[Stored items from a collection]
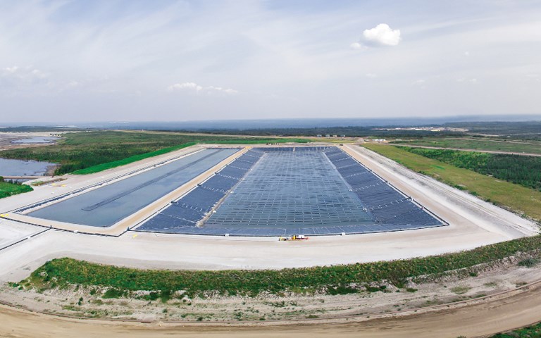 A pilot project in Fort McMurray is studying how contaminants can be removed from tailings pond water via a petcoke filtration process. Courtesy of Syncrude Canada
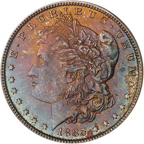 Bright mint luster characterizes the surfaces on this lovely piece and provides a base for the resplendent gold, reddish sunset and sky blue iridescence of the obverse color.. Sharp-edged devices and lettering throughout.
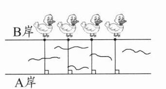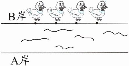2. 小河的B岸和A岸是互相平行的,一群小鸭子从B岸游到A岸。
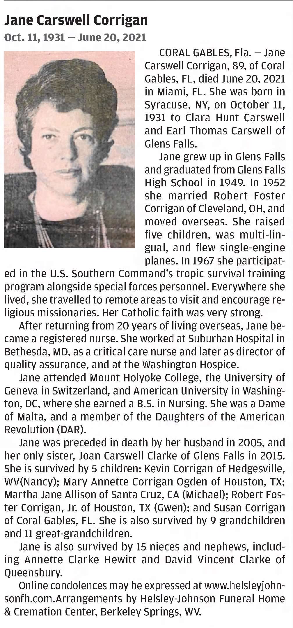- [S8210] The Post-Star, Glens Falls, New York, Newspaper, Jane Carswell Corrigan, obituary notice, published 25 Jun 2021.
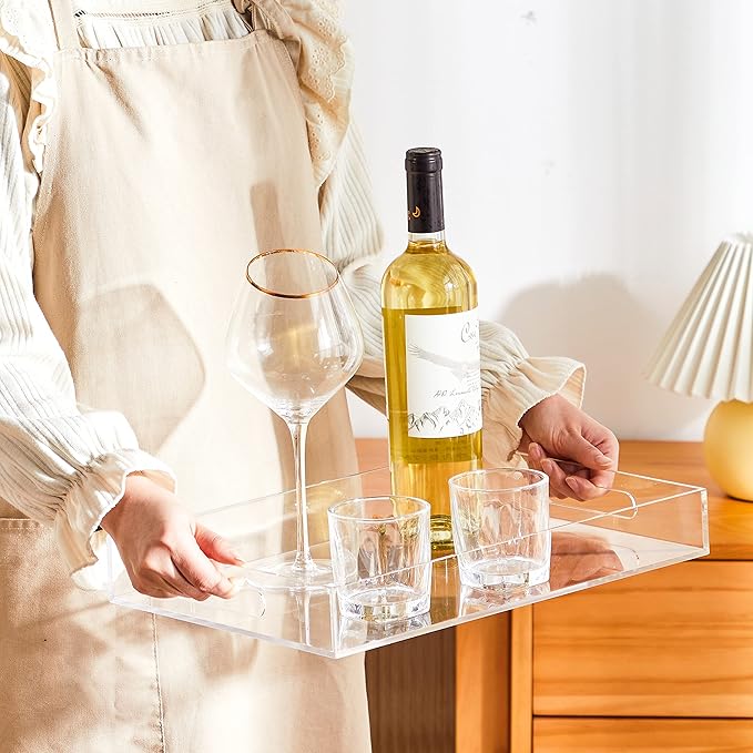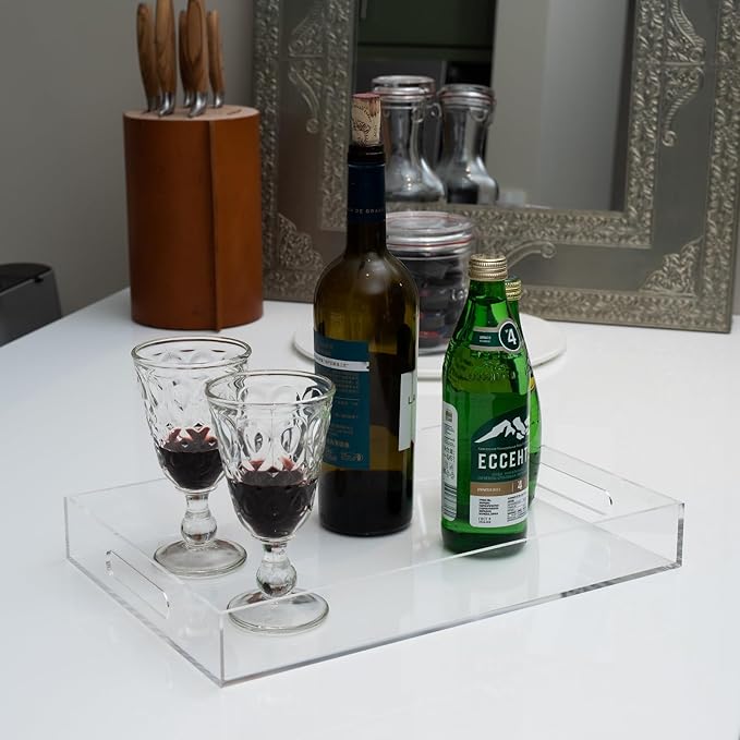 Clear Sturdy Acrylic Serving Tray with Handles 12x20x2H Inches -Spill Proof- Decorative Trays Countertop Organizer for Ottoman Coffee Table Nightstand, sidetable, Breakfast, Tea, Food -
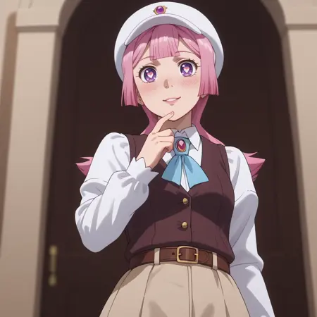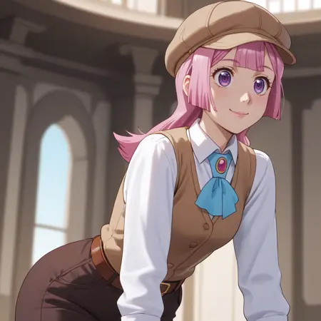 AnnaVest, 셔츠, 모자, 흰색 셔츠, 짧은 머리, 리본, 빨간 리본, 조끼, 칼라 셔츠, 캐비 헤드폰, 벨트, 긴 소매, 비니, 갈색 바지, 갈색 조끼,
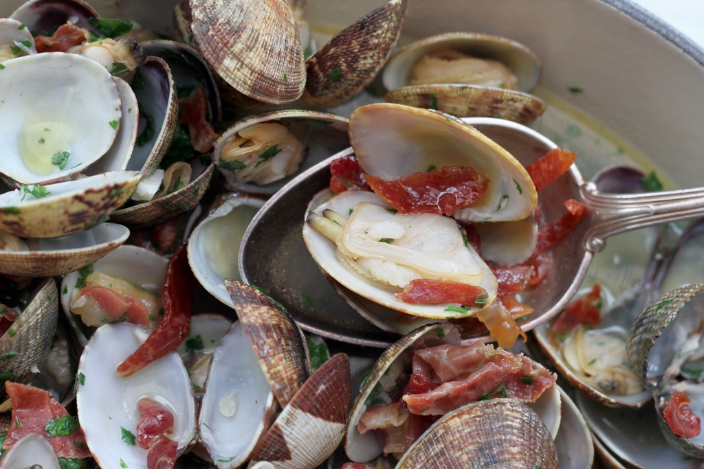 I LOVE this recipe. The flavoured ham oil coats the clams beautifully and acts as a seasoning agent, whilst the fino sherry brings the whole dish to life. I love cooking with sherry and this is a simple example of how well sherry tastes in sauces. You can use dark sherries such as amontillado and oloroso on roasted meats, dark gravy sauces and marinades whilst fino and manzanilla sherries work well with seafood and creamy sauces. The creamy but full bodied flavour from the fino sherry, contrasts incredibly well with the sweet clams and salty iberico ham. An easy tapas dish, that looks good and tastes better.
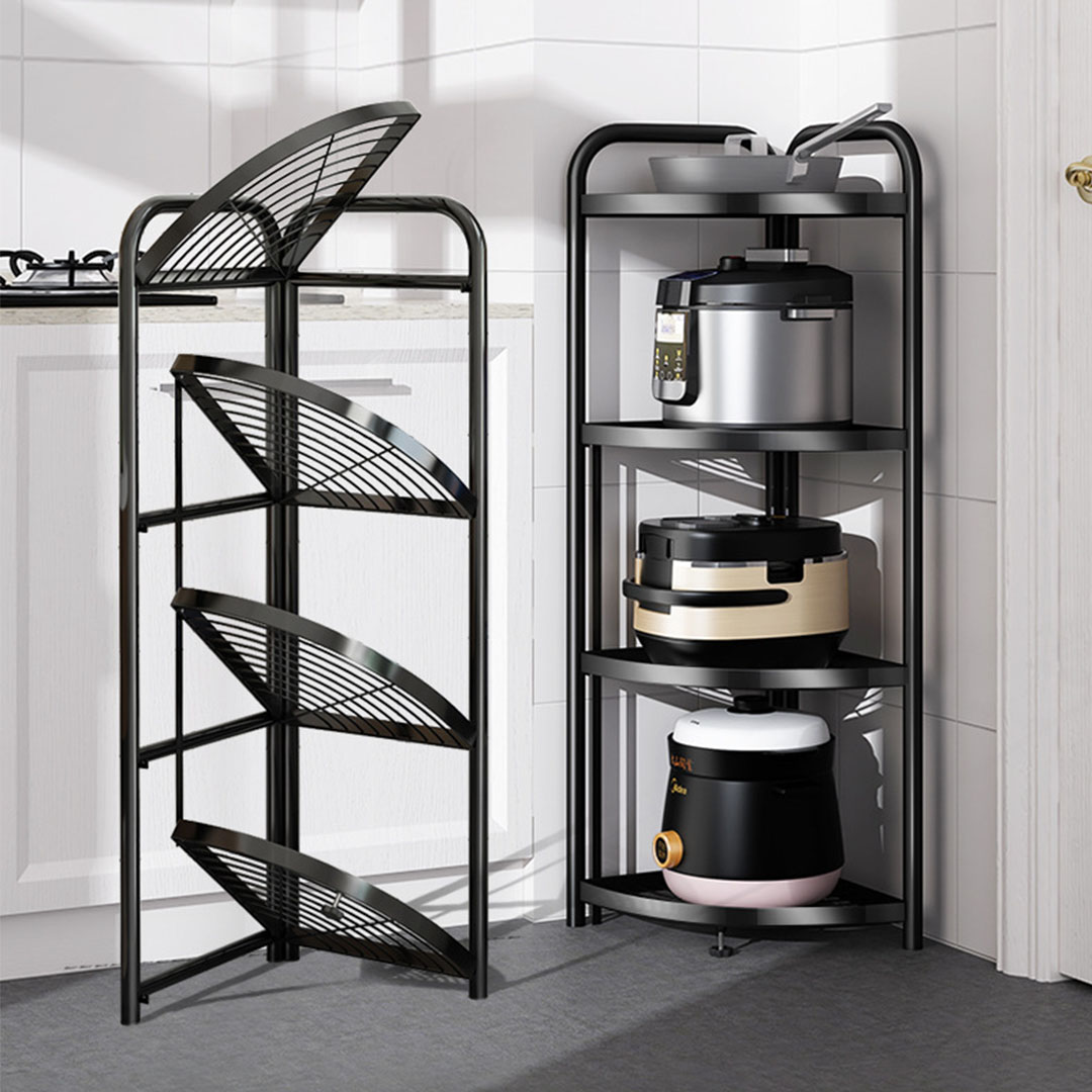 SOGA 4 Tier Steel Triangular Corner Stand Multi-Functional Shelves Portable Storage Organizer – – KitchenXY025
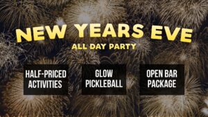 Starting at 11 a.m., Smash Park is celebrating the end of 2025 with fun all day long! Hit up the pickleball courts, arcade games, or sit around with friends for a night of drinking and dining. If you book up to two weeks in advance you can use promo code NYE26 for half-price activities. There are also Open Bar Packages and Glow Pickleball to keep the party going until the clock strikes midnight.
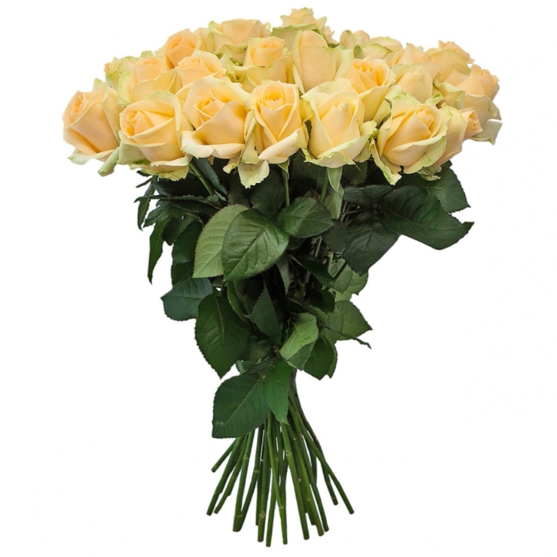 Букет состоит из 31 кремовая роза, прозрачная упаковка, атласная лента.
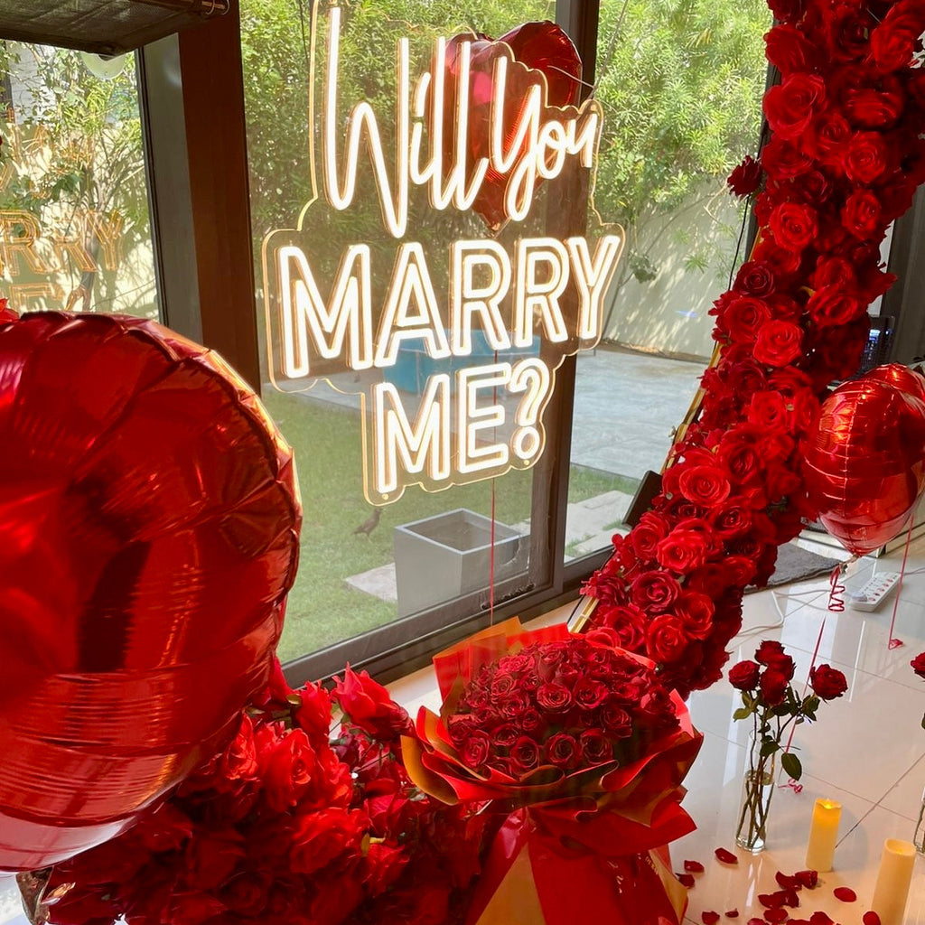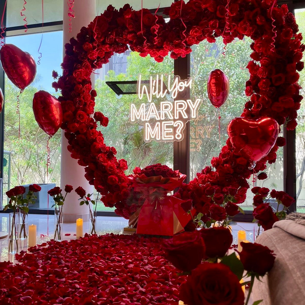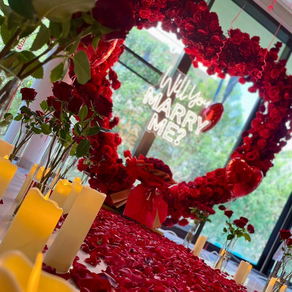Propose to her and Create a magical surprise with this romantic WILL YOU MARRY ME proposal red roses heart arch, petals and candles!
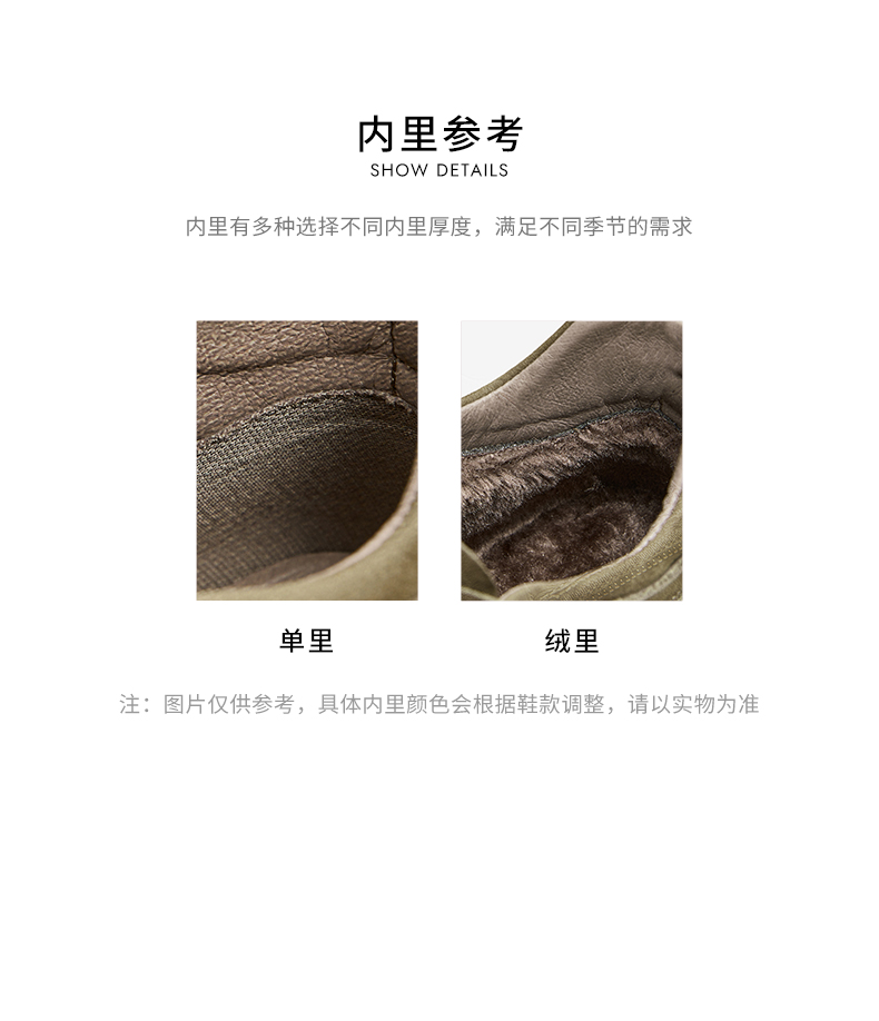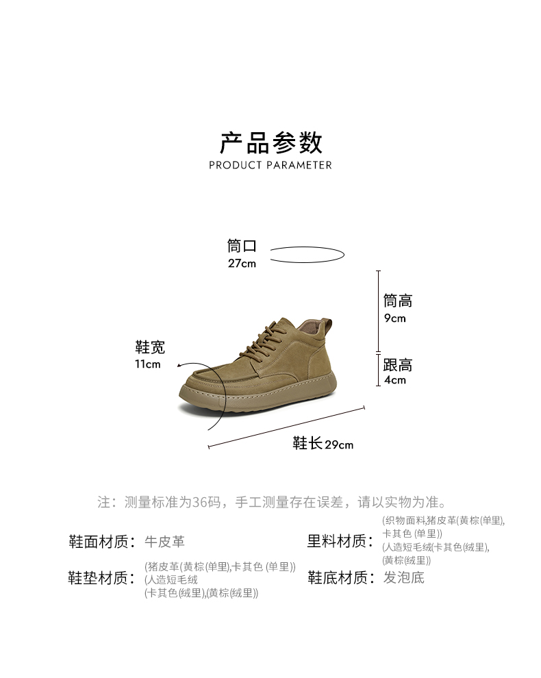 | 筒高数值:9CM | 性别:男子 | 靴筒筒面材质:牛皮革 | 里料材质:人造短毛绒 | 内里:人造短毛绒 |
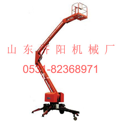 該系列升降機(jī)主要用于室外高空作業(yè)。折臂結(jié)構(gòu)緊湊,采用新型優(yōu)質(zhì)型鋼,強(qiáng)度高、重量輕、架設(shè)速度快,具有自動(dòng)液壓支腿,工作臺(tái)既可升高又可水平延伸,還可旋轉(zhuǎn)。可采用交流電源啟動(dòng),易于跨越障礙物到達(dá)工作位置,是理想的登高作業(yè)設(shè)備。該系列升降機(jī)廣泛用于市政、電力、路燈、公路、碼頭、廣告、廠礦車間大范圍作業(yè)。
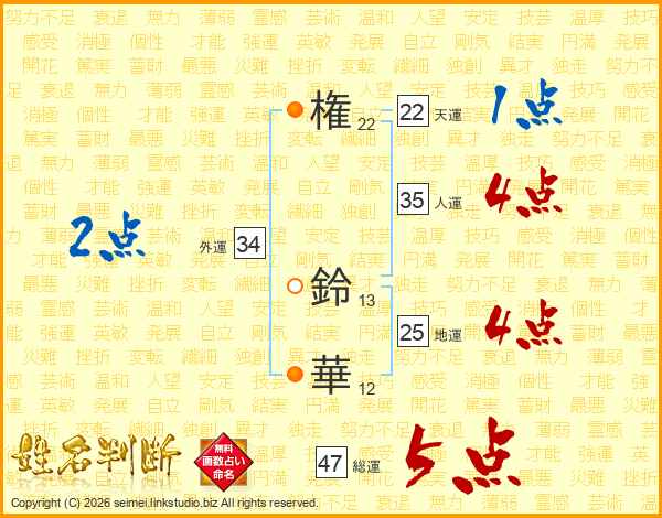 生活面を象徴する運勢です。外部から受ける影響力を表し、結婚運、家庭運や職場、環境への順応性を表します。総運から人運を引いた画数。姓や名が1文字の場合を除く。

● Exercise brief
Omitting all pictures, restate word for word the lines from the one containing "AnnaVest, 셔츠, 모자, 흰색" through the last line of the data.

● Solution to this exercise
 AnnaVest, 셔츠, 모자, 흰색 셔츠, 짧은 머리, 리본, 빨간 리본, 조끼, 칼라 셔츠, 캐비 헤드폰, 벨트, 긴 소매, 비니, 갈색 바지, 갈색 조끼,
 I LOVE this recipe. The flavoured ham oil coats the clams beautifully and acts as a seasoning agent, whilst the fino sherry brings the whole dish to life. I love cooking with sherry and this is a simple example of how well sherry tastes in sauces. You can use dark sherries such as amontillado and oloroso on roasted meats, dark gravy sauces and marinades whilst fino and manzanilla sherries work well with seafood and creamy sauces. The creamy but full bodied flavour from the fino sherry, contrasts incredibly well with the sweet clams and salty iberico ham. An easy tapas dish, that looks good and tastes better.
 SOGA 4 Tier Steel Triangular Corner Stand Multi-Functional Shelves Portable Storage Organizer – – KitchenXY025
 Starting at 11 a.m., Smash Park is celebrating the end of 2025 with fun all day long! Hit up the pickleball courts, arcade games, or sit around with friends for a night of drinking and dining. If you book up to two weeks in advance you can use promo code NYE26 for half-price activities. There are also Open Bar Packages and Glow Pickleball to keep the party going until the clock strikes midnight.
 Букет состоит из 31 кремовая роза, прозрачная упаковка, атласная лента.
Propose to her and Create a magical surprise with this romantic WILL YOU MARRY ME proposal red roses heart arch, petals and candles!
 | 筒高数值:9CM | 性别:男子 | 靴筒筒面材质:牛皮革 | 里料材质:人造短毛绒 | 内里:人造短毛绒 |
 該系列升降機(jī)主要用于室外高空作業(yè)。折臂結(jié)構(gòu)緊湊,采用新型優(yōu)質(zhì)型鋼,強(qiáng)度高、重量輕、架設(shè)速度快,具有自動(dòng)液壓支腿,工作臺(tái)既可升高又可水平延伸,還可旋轉(zhuǎn)。可采用交流電源啟動(dòng),易于跨越障礙物到達(dá)工作位置,是理想的登高作業(yè)設(shè)備。該系列升降機(jī)廣泛用于市政、電力、路燈、公路、碼頭、廣告、廠礦車間大范圍作業(yè)。
 生活面を象徴する運勢です。外部から受ける影響力を表し、結婚運、家庭運や職場、環境への順応性を表します。総運から人運を引いた画数。姓や名が1文字の場合を除く。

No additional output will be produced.